* What this task involves
All lines from the one bearing "Dubbelsydd sidenscarf i" through the end of the data below must be printed exactly as they stand, with pictures removed.

* Record extracts
# # #

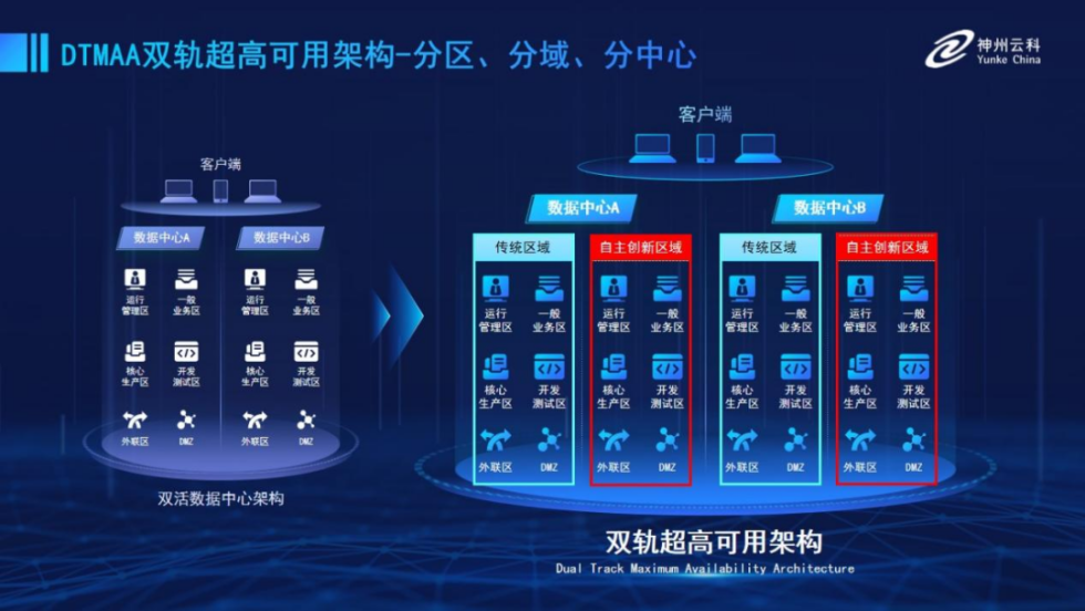 推出了双轨超高可用架构。该架构在双活数据中心的分区调度基础上,增加信创域和非信创域的分域调度,实行信创域与传统域应用全量部署,使双中心运营变为双中心四区域并行运行,互为多活,将“0到1”的单轨建设道路变为分区分域协同的多活双轨超高可用架构。帮助客户在新架构下,保障“信创”的同时解决性能瓶颈,提升稳定性,保证应用可持续性,最终实现信创区域和非信创区域的平滑过渡,完成国产化替代目标。
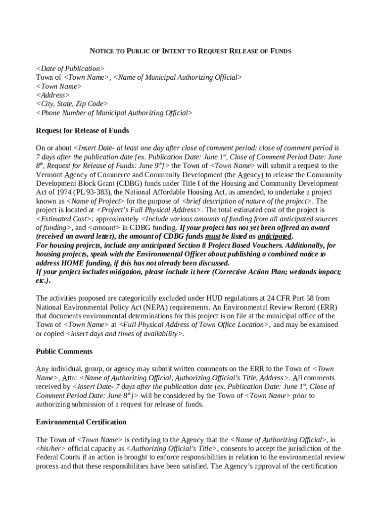 Instructions for the NOTICE OF INTENT TO REQUEST RELEASE OF FUNDS - Vermont - accd vermont form
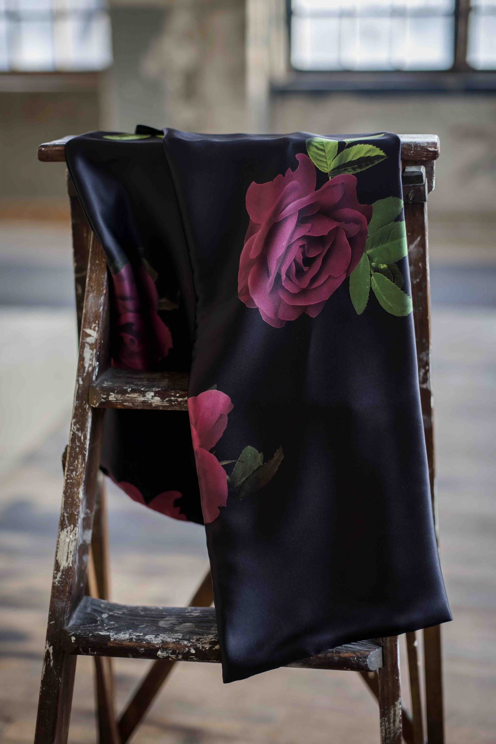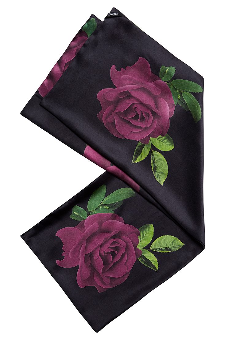 Dubbelsydd sidenscarf i 100% Italiensk siden. Stora vackra vinröda rosor på en svart skimrande botten. Mått 130cm x 23cm. Fin att bara hänga om halsen eller knyta ett varv. Kan med fördel matchas med antingen klänning, kjol eller kappa. Tillverkad på fabrik i Sverige för en hållbar framtid!
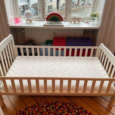 Mærke ukendt. Retro børneseng, med tilhørende vanger således at sengen kan forlænges fra 160 til 200 cm. Madrassen er 2 år gammel og her medfølger også forlængerstykke op til 2 meter. Der er ligeledes nyere lamelbund med til sengen, og der er god plads til opbevaring under sengen.
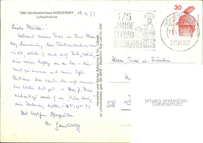 72314217 alte Postkarte Norderney Nordseebad Fliegeraufnahme postalisch gelaufen Erhaltung siehe scans KatCode: 11110003452020

# # #

* Answer section
 Dubbelsydd sidenscarf i 100% Italiensk siden. Stora vackra vinröda rosor på en svart skimrande botten. Mått 130cm x 23cm. Fin att bara hänga om halsen eller knyta ett varv. Kan med fördel matchas med antingen klänning, kjol eller kappa. Tillverkad på fabrik i Sverige för en hållbar framtid!
 Mærke ukendt. Retro børneseng, med tilhørende vanger således at sengen kan forlænges fra 160 til 200 cm. Madrassen er 2 år gammel og her medfølger også forlængerstykke op til 2 meter. Der er ligeledes nyere lamelbund med til sengen, og der er god plads til opbevaring under sengen.
 72314217 alte Postkarte Norderney Nordseebad Fliegeraufnahme postalisch gelaufen Erhaltung siehe scans KatCode: 11110003452020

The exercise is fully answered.